Project: Cozy4     -     Entry

Dec 12, 2022 60 Cowl #3 Category: C23 Eng+Cowl
I can accept the quality of the top cowl (CF + Coremat + CF) but I was sure the commercial ones must be better. In KY, Greg Cross had one he ended up not using, whcih he said was for a wide deck 360. It was a 3-day 2000 mile round trip but I went up, socialized and brought it home. Then I found it is actually a poor fit - !@#$!. The commercial cowl has the oil door too far forward and the exhaust openings are too tight and incorrectly oriented. The upside is that my Coremat cowl is about 60% of the weight of the commercial product and a lot stiffer. Time to double down on making the lower cowl....

This has proven to be a much bigger task than expected, and perhaps it would have been more direct to flip the plane again. But I persevere. Here's what has proven successful.

I need a tight fit at the firewall/wing root, and then at the trailing edge, particularly around my exhaust eductors.
- Lower profile.
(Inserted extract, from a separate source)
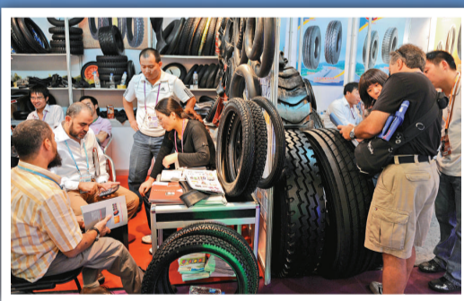
▲中國輪胎企業唯有面對挑戰，圖為採購商在廣交會上選購輪胎

世界貿易組織（WTO）的最高仲裁員維持八月的裁決，指中國限制進口美國音樂、電影和書籍，違反世貿規則。另外，華盛頓又投訴中國操縱生產鋼鐵和鋁的主要原料的價格。

I used square cross section aluminum to bridge the NACA duct, providing a shelf/lip for the forward edge pf the lower cowl. The lower cowl needs to wrap around the air intake, alternator and starter, reaching up in front of the ring gear to fit behind the (extended) prop hub. I like having at least a 1.5" gap for the lower engine baffle. I used building sheet foam (purple!) to profile the lower cowl - it ended up looking like a hockey stick. I copied that foam shape onto luan plywood and fixed it in place using 5 minute epoxy. The plywood ends up as a keel for my boat tail lower cowling.
- Wing root match. Using the same wing root profile as used for the upper cowling, I built on the plane a foam block lower cowling. The wing root blocks were held in place with bamboo skewers passing thorugh the wood profiles into the foam . At this point I have gone through a _lot_ of foam insulation sheets, and the cost approaches buying something from Velocity. Moving on...
- I did a rough carving of the foam while in place on the plane. I then (carefully!) supported the cowl while I sliced the foam away form the wing root profiles and firewall. I removed the cowl and reinforced the inside with pour foam and building foam. At the sides I added an additional 3/4" wing profile, copying the wooden ones. The block was then moved to the bench, ending the messiest part of the upside down work. Note that with the interior of the foam core now reinforced with pur foam, this core can no longer fit on the plane.
- Firewall profile. I trimmed a piece of foam board to match the exisiting firewall lip. Fitting it to the foam core I saw that it was not a great fit to the new foam template. !@#$!. After 3x checking the template I used both foam and plaster to get a darn good match. I then re-shaped the cowl to smoothly flow from the correct firewall profile.

[Sidebar: Spray foam was an uncontrolled horror, but it took only 2-3 hours to clean that up. Pour foam is much easier to sand, but expensive and it's hard to predict how it flows before it swells, gells and hardens. I was happy to find a pour foam source even less expensive than my bare bones boat supply distributer - Amazon has some, and they sent me 1/2 g containers of A&B when I had paid for only the quarts. Doing it again I would build on the airplane with blocks of foam, remove and add a thick pour foam layer, shape with rasps, then use plaster to get a smooth surface. Model one side, then cut templates and shape the other.]